Just let me roll this smoke, finest Qtiztowf resin, don't you know, and I will proceed with my yarn. That's better. Light it from the engine above my head. The old sugar doesn't mind my drug habits, partly because his nostrils deserted in the trenches of the second Garlic Offensive and he can't smell the pungent dream, so he doesn't know what I'm doing. Not that he's an intolerant sort anyway. The nicest military man I've met in a long while. The Top Zincs in the offices are the unimaginative idiots, not the soldiers in (or above) the field. Consider the zoetrope reels of the Liliaceous Wars. They're all puffing parsley, grooving to Psychopomp Rock, mostly Jammy Cockrix and Joe Henner. No need to worry. Mauve haze, whole in my shoe, voodoo chilblain.

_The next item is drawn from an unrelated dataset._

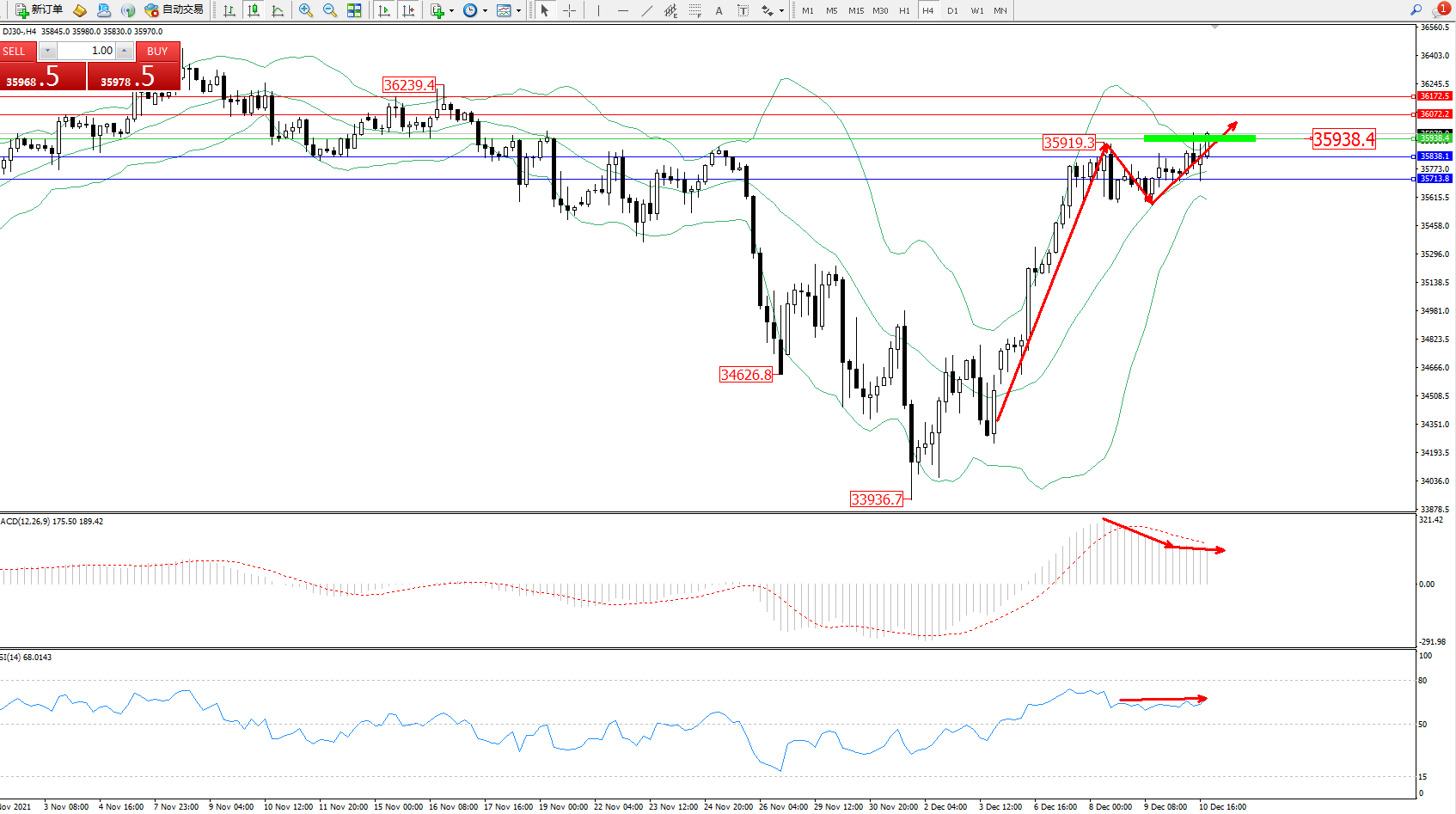 技术点评:多头动力延续布林带指标上轨附近持续震荡上扬,高位抵达35919位置遇阻开始整理平移,短期多头动力再度上扬,突破前高后开始再度震荡向上移动,布林带指标呈收口走势开始缓慢张口,MACD指标处于多头区域维持整理平移,RSI指标处于多头区域持续整理平移;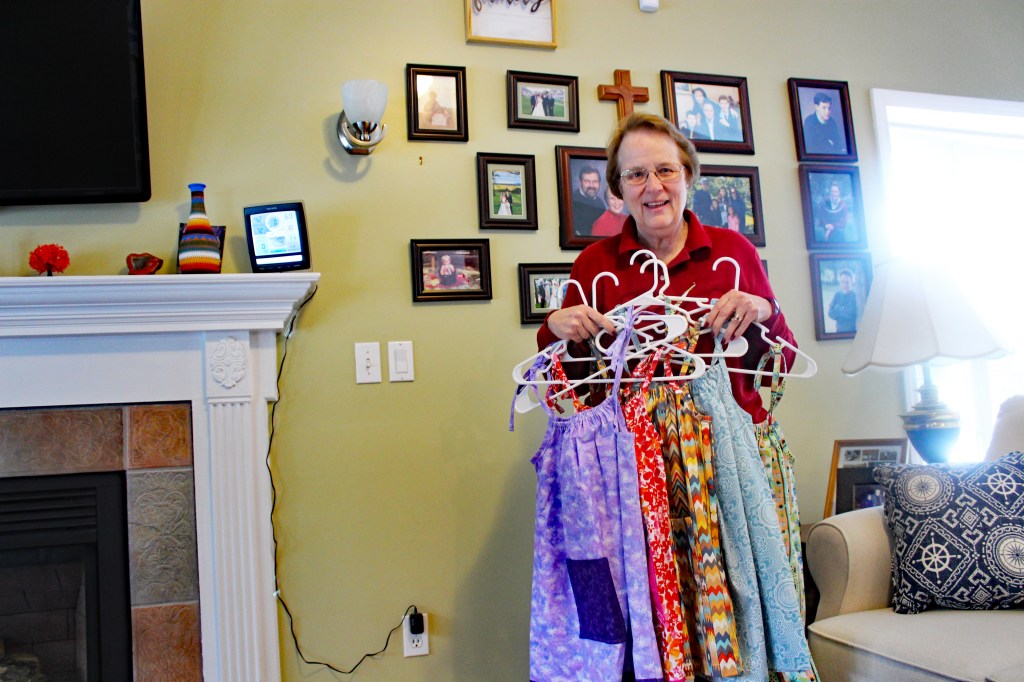 One woman, Maria Dietzel, who worked with the group in our church last year but who had since moved away, drove back to the church when all dresses were being gathered and delivered 40 more.

Guess I'm rambling, mind as well as body. Listen up then: it was in the orchards of Lubbalouana that the President came back into my life. I had almost forgotten him, but I still recalled his parting insult before I left the Capital. So I could visualise the words but not his nose. The strings on my mandolin were sighing softly. My socks were maturing, hole and rind, perfect for grating. Everything was mellow ochre, as bald coat singer Pegg Donzelcart might say. Not that he ever did. Too busy cooking green kebabs on his 13-string catarrh — traitor! Anyway, those orchards are the main source of the planet's plums and limes, which is heavy news for twigs, and it was impossible not to impale a thousand or more on our spikes as we pushed gently through.

However, once clear of Lubbalouana I realised the way the fruit was aligned on our armoured canopy wasn't random. Reading them from the top, a message was apparent. Each plum represented a dot, each lime a dash (a dash of lime is also good in overproof rum) in Morose Code, the glummest genre of encryption known to telegraphites. It was obvious the trees had been planted in a deliberate sequence to ensure this communication. Only the President has enough free time to bother with something so elaborate and unnecessary. Leaning out of the basket and craning my neck upward to read, I understood he was summoning me back to his tower. That is all he ever writes to me for, even on my birthday. The plums and limes demanded my instant return without a please.

"The blasted arrogance of the man!" I grumbled.